Bezos’ choice of a super PAC that aims to elect veterans who will reach across the political aisle sends a message about his values, said Jason Schloetzer, a professor at Georgetown University who studies CEOs. But the decision was probably heavily vetted given his dominance and “people watching every move that you make.”
“I don’t think that too many CEOs have done well coming out very strongly on one side or the other in terms of politics, so you definitely need to step carefully,” Schloetzer said.
Schloetzer said Bezos’ wading into political waters is different from Amazon as a company inserting itself into a political or social cause, and that the personal donation wouldn’t be inextricably tied to the Amazon brand “just because it has his name associated with it.”
But Tom Lin, a law professor at Temple University who has studied corporate governance, said it can be difficult to “separate Amazon from Jeff Bezos, and Jeff Bezos from Amazon.”

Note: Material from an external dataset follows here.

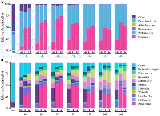 Relative abundance of bacterial communities at the phylum and genus level. (A) the phylum-level relative abundance of bacterial communities; (B) the genus-level relative abundance of bacterial communities. ML, fresh mulberry leaves before ensiling; T1 group, fermented by exogenous P. pentosaceus; T2 group, fermented by epiphytic P. pentosaceus; CK group, control group, fermented by equal amount of sterile water.

Lin said companies and their leaders have to be mindful of how any political affiliations can harm their businesses and risk alienating customers and investors, or even energize activism against the company. Lin also noted that companies and their leaders have come under direct attack by President Trump in tweet storms that ignite online vitriol.
On Monday, for example, Nike revealed that Colin Kaepernick — the out-of-work NFL quarterback who generated controversy for kneeling during the national anthem to protest racial injustice and police brutality — would be featured in the company’s “Just Do It” campaign. On Wednesday morning, Trump doubled down on his criticisms of Nike and the NFL, tweeting that the sportswear giant was “getting absolutely killed with anger and boycotts.”
“Just as our politics has divided the country into red states and blue states, and red counties and blue counties,” Lin said, “you can see that political engagement by executives can fragment the marketplace into red businesses and blue businesses.”